Near the end of the day, I received the names of two new patients who both lived in the same nursing home, and while it was close on time, I decided it would give me more flexibility toward the end of the week to see them straight away. I hadn't intended to see the newest ones but it just seemed best.
One of the two didn't seem like she wanted to talk at all. If I didn't carry the conversation, it ground to a halt. There were periods of silence. I kept trying to engage a woman who never glanced in my direction, who simply stared straight ahead. But slowly, she began to share her story and we found a moment of grace where we speak a common language of faith. We finished our visit with an old hymn and a prayer.
I called the patient's daughter afterwards to connect with family and to relate both how things went and what I observed in her mother. The daughter's response was so much more immediate than the patitent's. She was so thankful for the visit and the spiritual emphasis. She was touched that her mother and I had a moment of grace.
She began to tell me their story and their struggle over the phone and how that they had gotten away from going to church and lost connection with any Christian fellowship since their move to the area. She began to share her struggle with finding a place to belong and her failure to continue the pursuit of Christian fellowship. She me how much she missed it and wanted to find a church family.

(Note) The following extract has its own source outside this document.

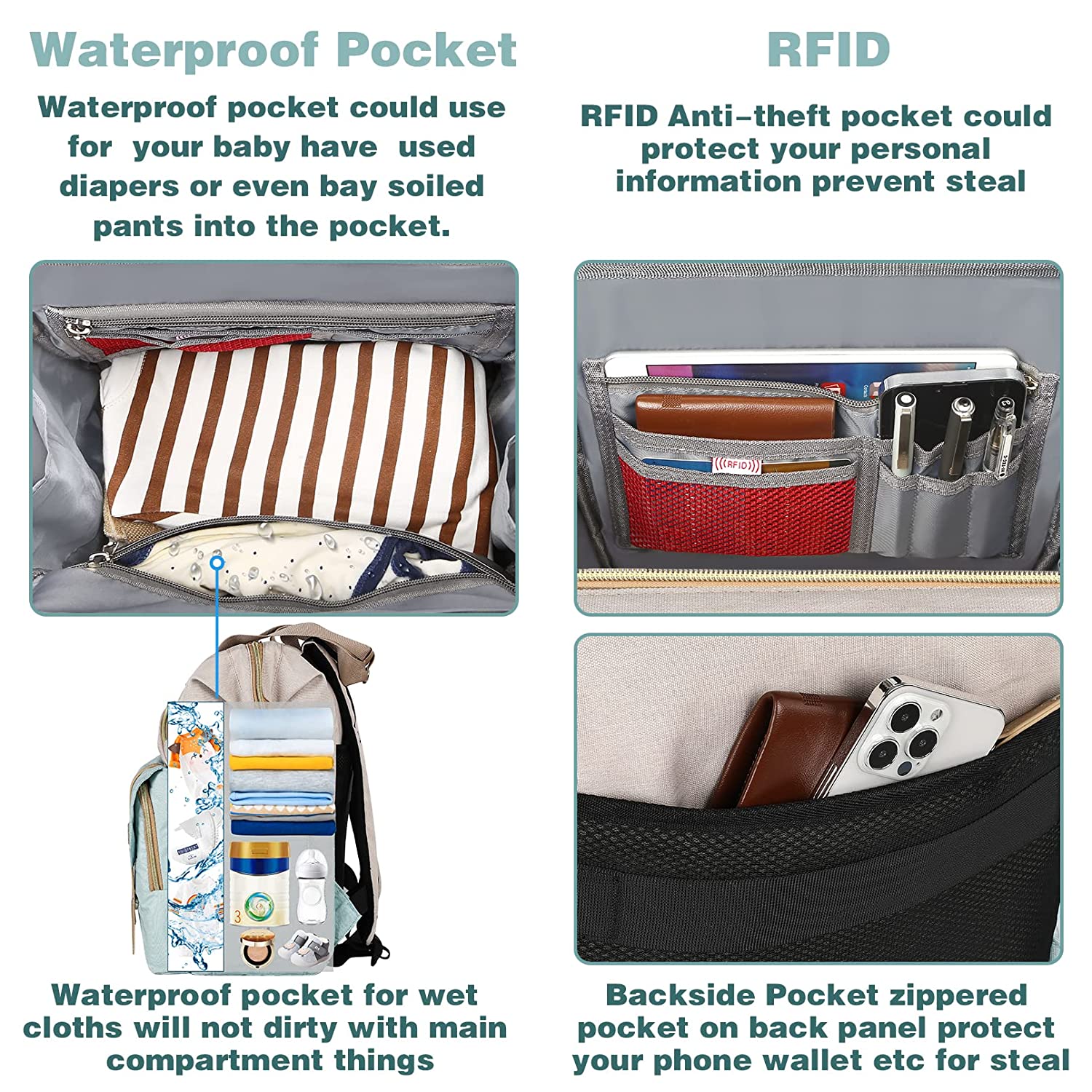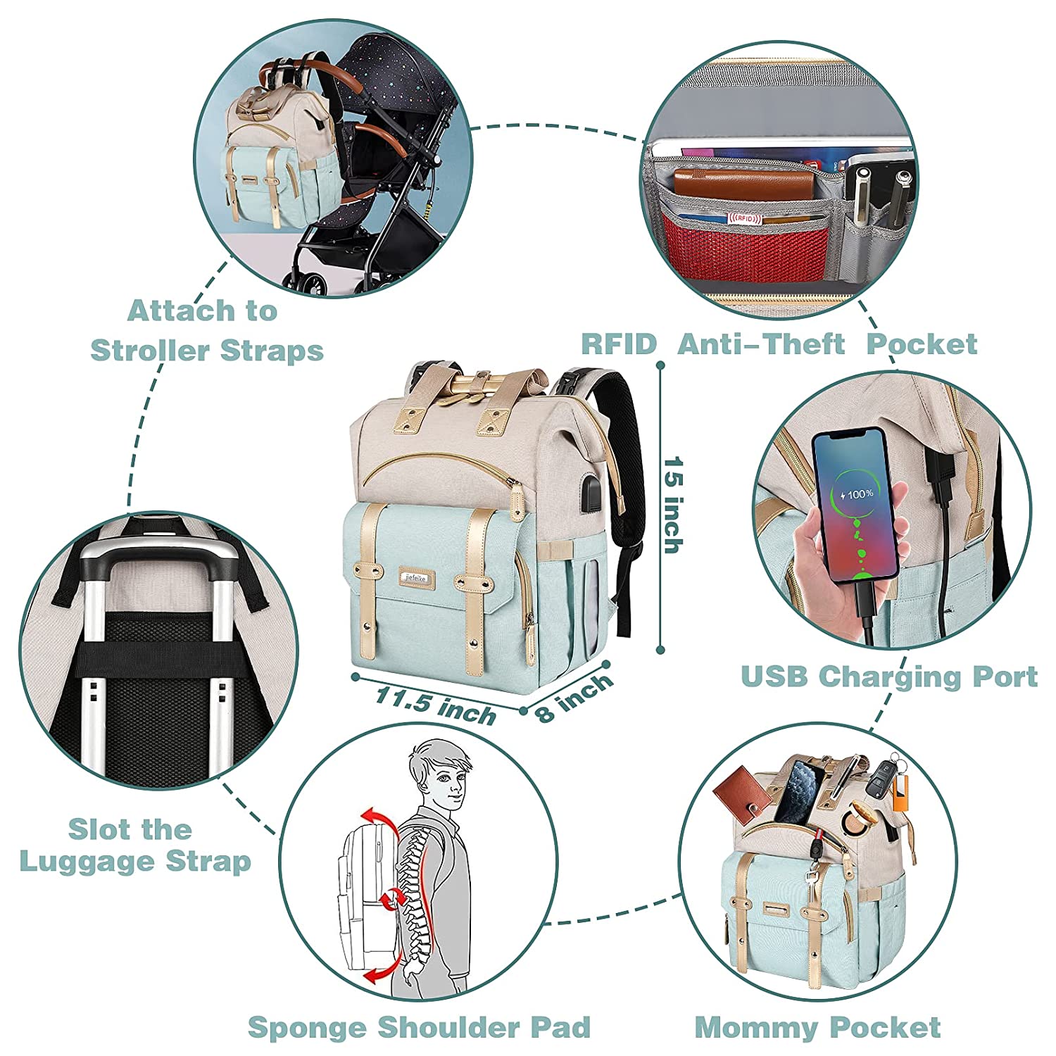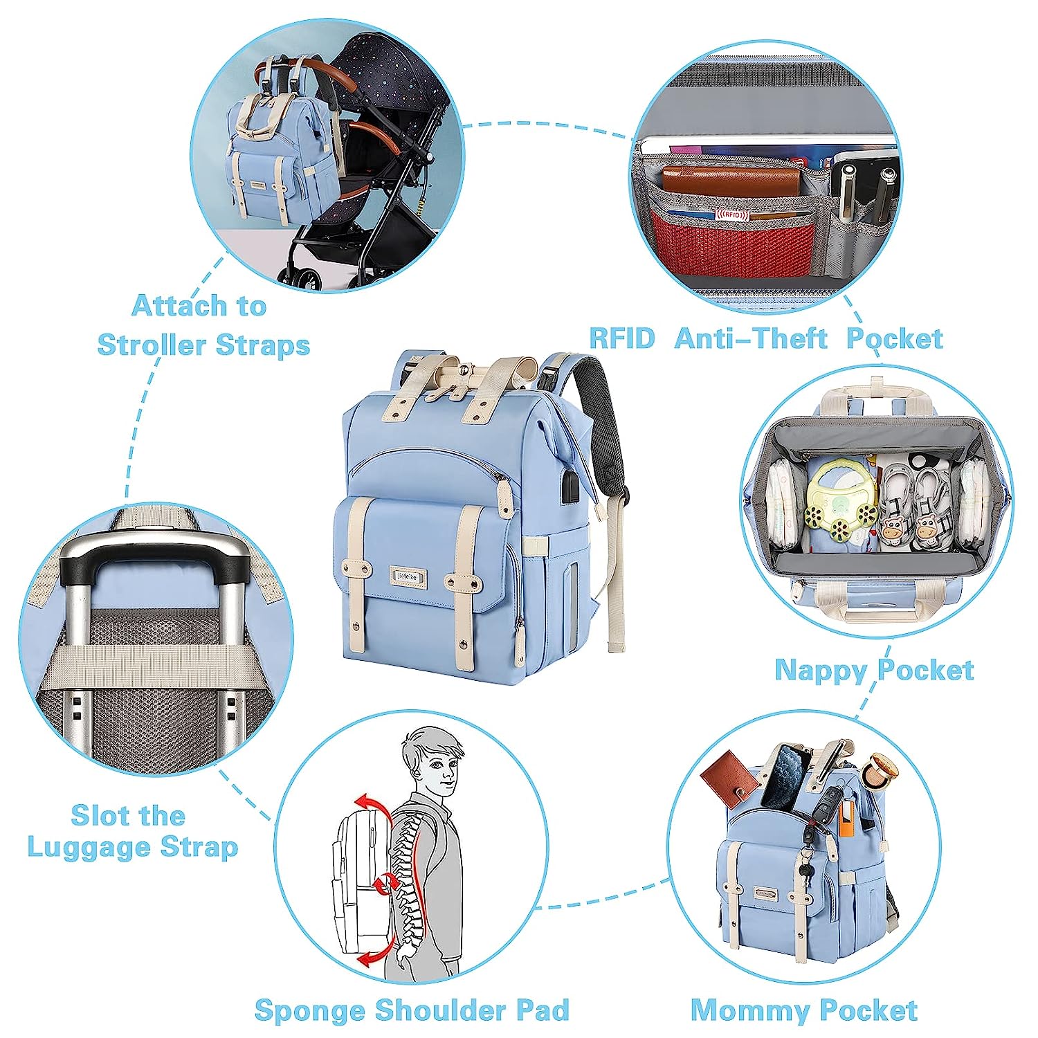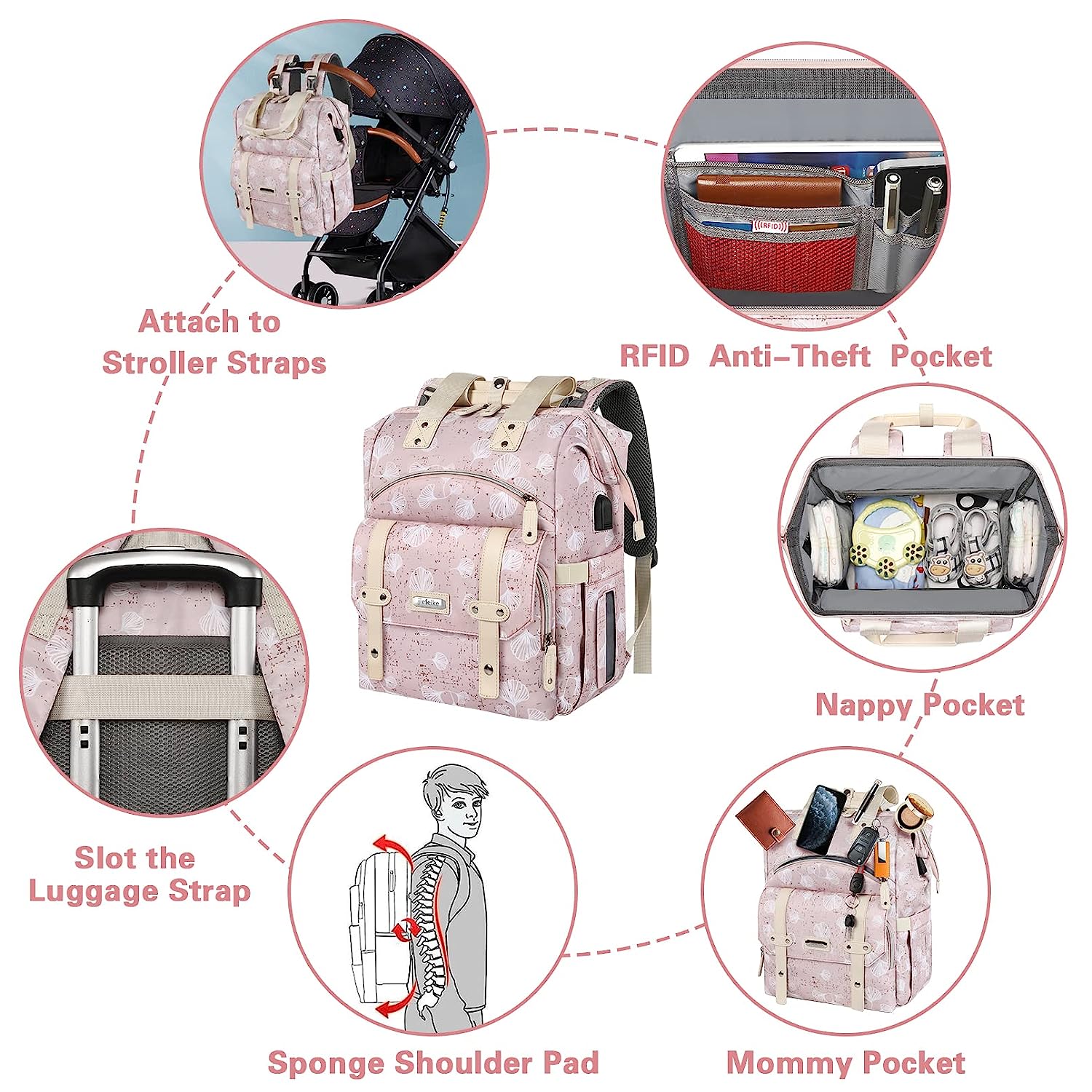 • ?【Diaper Bags Large Capacity】Diaper bags for baby girl has 2 insulated pocket for baby bottle.1 mommy pocket store daily thing.Diaper bags main compartment could hold most of baby essentials.Also have 1 organizer pocket for nappy,1 RFID pocket and 1 Dry and wet separation bag convenient for you go outside.1 USB charging port.2 side pocket for easy reach wipes,water bottles or umbrella.The luggage Strap allows you to fasten to the suitcase and easy to carry.Best Valentine's gift for women

I actually talked more with the daughter on the phone than the patient in the bed. But she was the one who needed a moment of grace the most. Her knowing that I not shared the Word, sang a hymn and prayed with mother, struck a chord in her heart, reigniting a flame that had all but gone out. I hadn't intended to spend that amount of time on the phone, I wasn't sure I'd get anything more than a chance to leave a voicemail. But God intended her to be touched by grace.
The apostle Paul said, "Let us not become weary in doing good, for at the proper time we will reap a harvest if we do not give up" (Gal 6:9). This promise is true even when it may not be the harvest you intended. As you continue sowing seeds, some fall onto ground you weren't aiming at, some grow where you had not intended to plant. But the seed grows nonetheless.
You don't have to know who the intended recipient of grace really is, you just have to share what you have, as you have opportunity. God will open the ears and hearts of those He intended to hear. As Paul also wrote, "I planted the seed, Apollos watered it, but God has been making it grow" (1 Cor 3:6). Jus' Say'n.